Scope of Covered Products:
The executive order suggests that all merchandise imported for consumption will be affected, but the final product list will be confirmed in future Federal Register notices.
Application to Hong Kong and Macau: The tariffs only apply to products originating from mainland China (ISO Country Code CN). Goods from Hong Kong (HK) and Macau (MO) are not affected.
1. Implementation Date and Exemptions
The tariffs apply to all imports entered for consumption or withdrawn from warehouses on or after 12:01 a.m. EST on February 4, 2025.
Goods that were already in transit before 12:01 a.m. on February 1, 2025, are exempt from the tariffs.
2. Suspension of Section 321 Customs De Minimis Entry
The orders suspend duty-free treatment for shipments under $800, which are frequently used for e-commerce purchases. These goods will now be subject to the new tariffs and additional entry filing requirements.
3. Exclusions for Certain Goods
The executive orders exclude specific product categories under 50 U.S.C. § 1702(b), including:
Personal communications
Donated articles
Informational materials
Travel-related items
4. Prohibition of Duty Drawback
The orders specify that no duty drawback will be available for goods subject to these tariffs.
5. Impact on U.S. Foreign Trade Zones (FTZs)
Goods subject to the new tariffs that enter U.S. Foreign Trade Zones (FTZs) on or after February 4, 2025, may only be admitted in “privileged foreign status.”
When these products exit the FTZ for consumption, they will be subject to the duty rate applicable at the time of admission into the FTZ.
6. Temporary Importation Under Bond (TIB)
No specific changes to temporary importation under bond (TIB) programs have been announced. However, a technical annex may clarify this issue.
7. Further Guidance from U.S. Customs and Border Protection (CBP)

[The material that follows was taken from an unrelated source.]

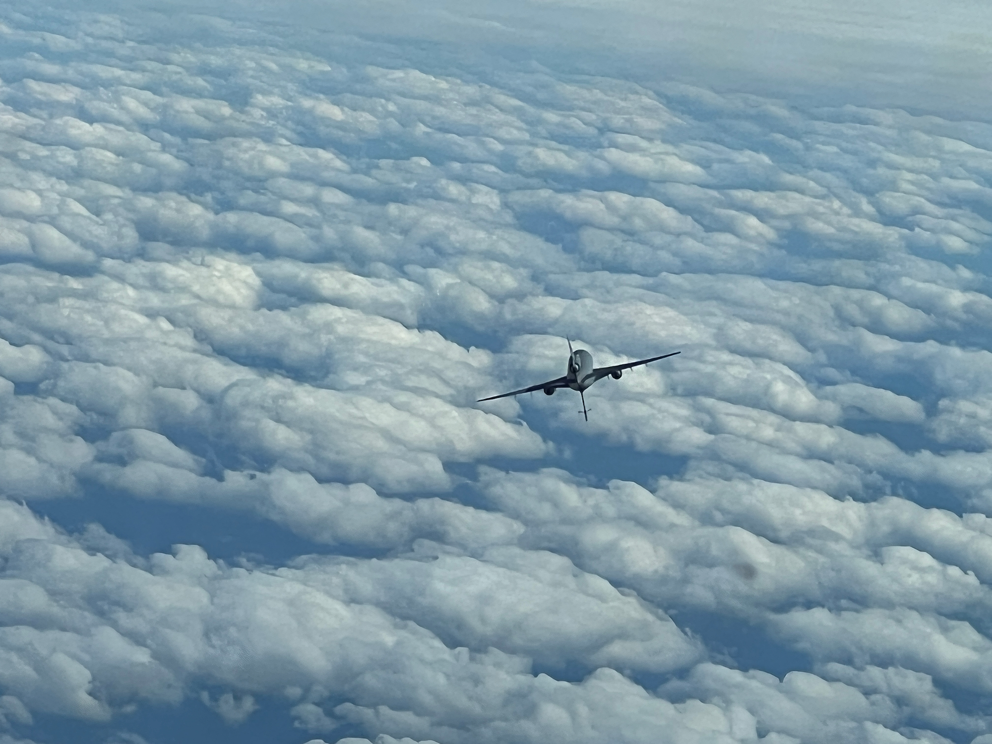 We finish giving the fighter jets the fuel they need, then practice with another KC-10 tanker (the vessels are also capable of receiving fuel in flight). We fly up close behind the other large metal bird, visible right there through the cockpit windows. Its colorful boom hangs below. We go through the motions, though no liquid changes hands.

CBP will provide additional technical guidance in the coming days, including:
The certification process for goods exempt due to transit timing.
Importer compliance procedures for new tariff classifications.
The situation remains fluid, and additional tariff escalations are highly likely as:
Canada, Mexico, and China have all indicated plans for retaliatory measures.
The U.S. may further increase tariffs in response to retaliation.
Trump has recently threatened new tariffs on:
European Union (EU) imports
BRICS economies (Brazil, Russia, India, China, South Africa, and others)
Global sectors such as semiconductors, pharmaceuticals, oil, steel, aluminum, and copper
Trump’s executive orders invoke the International Emergency Economic Powers Act (IEEPA), a statute that allows the president to impose broad economic restrictions during national emergencies.
IEEPA does not require prior investigations or reports, unlike traditional trade laws such as Section 301, Section 232, or Section 201.
Trump declared a national emergency citing concerns over fentanyl smuggling and irregular migration as justification for the tariffs.
IEEPA’s broad scope allows for rapid escalation, meaning further tariff increases could be imposed without additional investigations or congressional approval.